One other thing I'll say while we're waiting on that is what I'd love to see in the next year is more Quarto reveal JS presentations. It's very cool, very innovative. Something similar was available with IO slides a while ago, but obviously this approach with Quarto is, you know, a little bit superior. So that becomes like, if you think about business and business presentations, you know, like having to copy and paste stuff into PowerPoint, even though I know Quarto can output PowerPoint now too, but I would love to see those types of presentations become, you know, more of a more, have a greater presence in terms of data science delivery.

The first thing I, yeah, templates. And I know there's, people are constantly adding to the assets available there, but I just remember the first thing I, when that got announced, I immediately checked if it could support HTML widgets, because that was the reason I went to IO slides a while ago, instead of the RStudio presentation that was built in. Because when I've showed people that, oh, here's a table with 400 rows, but you can see 10, 25 or a hundred or however many one at a time and page through it versus just like, you know, like a Microsoft office table embedded into a thing that was, that really blew their mind. So I guess just continuous support for the different visualizations, especially the more JavaScript interactive ones that can introduce some interactivity.

Career advice

One last question for you, which I always think is fun to ask. Is there a piece of career advice that you've received or given that comes to mind? It doesn't have to be like the best or favorite, but something that was impactful.

Yeah, I think it comes back to like imposter syndrome and all that. So, like, have a lot of confidence in your background, in your academic background, in your work experience, even in your thought process for approaching problems. A long time ago, when I said something that kind of illustrated that I wasn't sure of myself or whatever, and he just said, you have a master's degree in math. And not that everyone has to have a master's degree in math, but it's just like, you know what, like, you can do this, right? Like, you have all the tools you need. You can communicate to people. You can reason about problems. You can do this.

A long time ago, when I said something that kind of illustrated that I wasn't sure of myself or whatever, and he just said, you have a master's degree in math. And not that everyone has to have a master's degree in math, but it's just like, you know what, like, you can do this, right? Like, you have all the tools you need. You can communicate to people. You can reason about problems. You can do this.

I love that.
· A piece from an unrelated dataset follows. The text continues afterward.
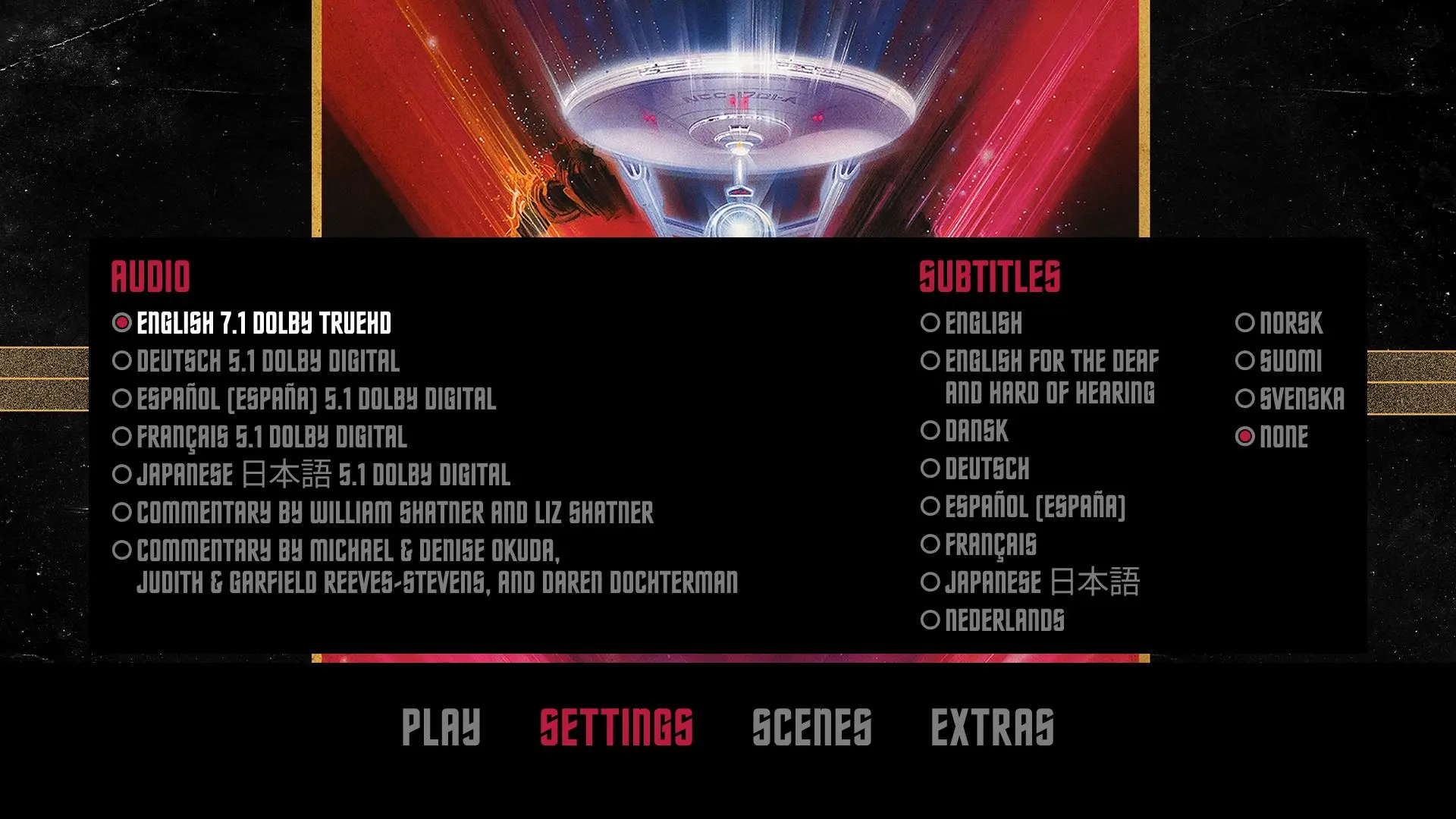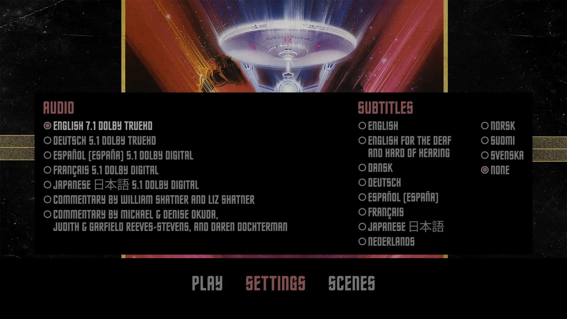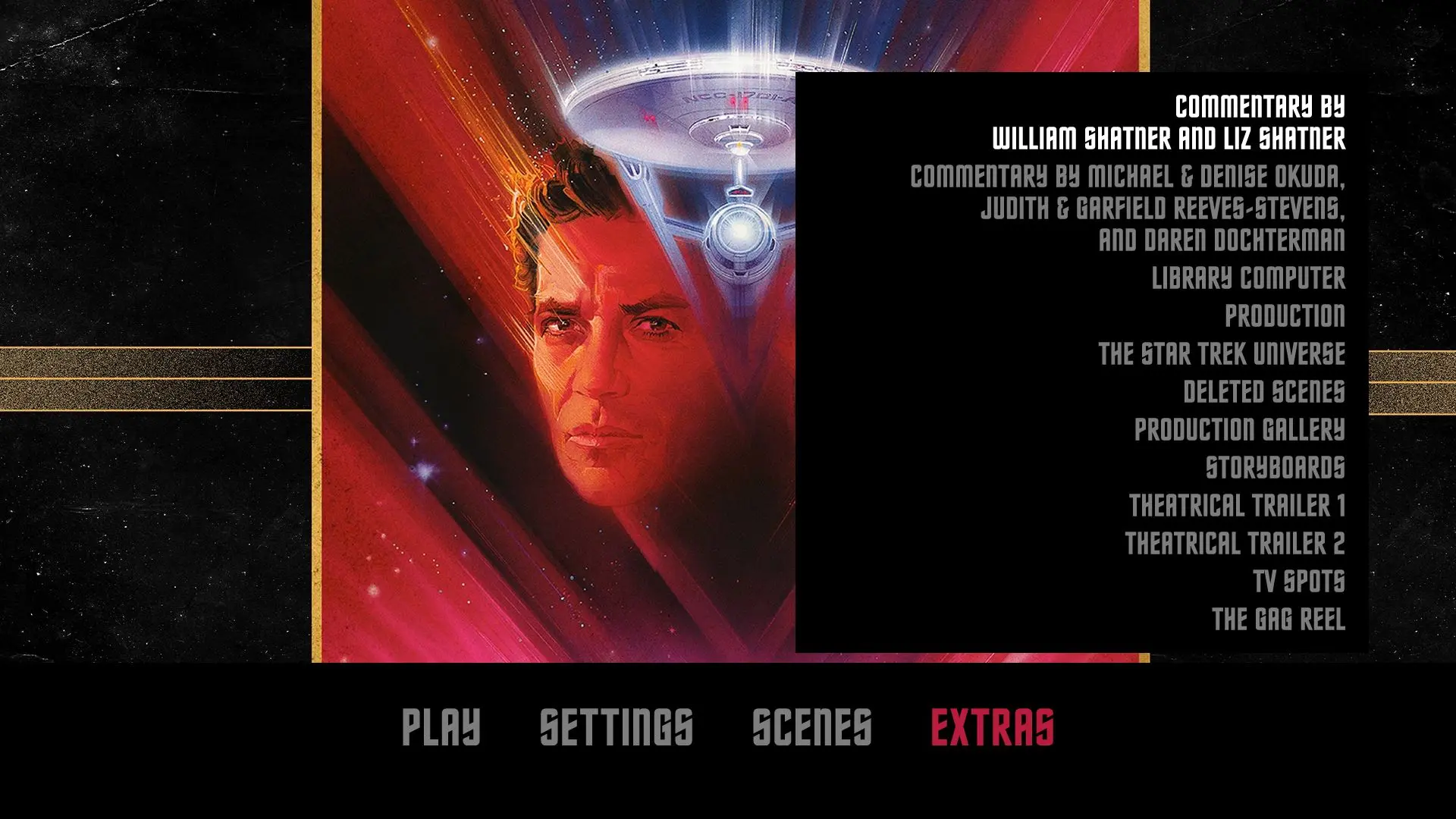 Audio Commentary by William Shatner and Liz Shatner Audio Commentary by Michael & Denise Okuda, Judith & Garfield Reeves-Stevens, and Daren Dochterman Blu-ray

Thank you so much, Stan, for joining us here and sharing your experience. So that's all. If people want to get in touch, is LinkedIn the best way? It sounds like not the blog yet.

LinkedIn, I'm on Twitter. If you search for my name, you'll probably find me, but somewhere around there is an email address to whatever you want. I'm usually pretty open. I got three kids, though, so I might take a while to get back to people.

Sounds good. Well, thank you so much, Stan. Have a great rest of the day, everybody.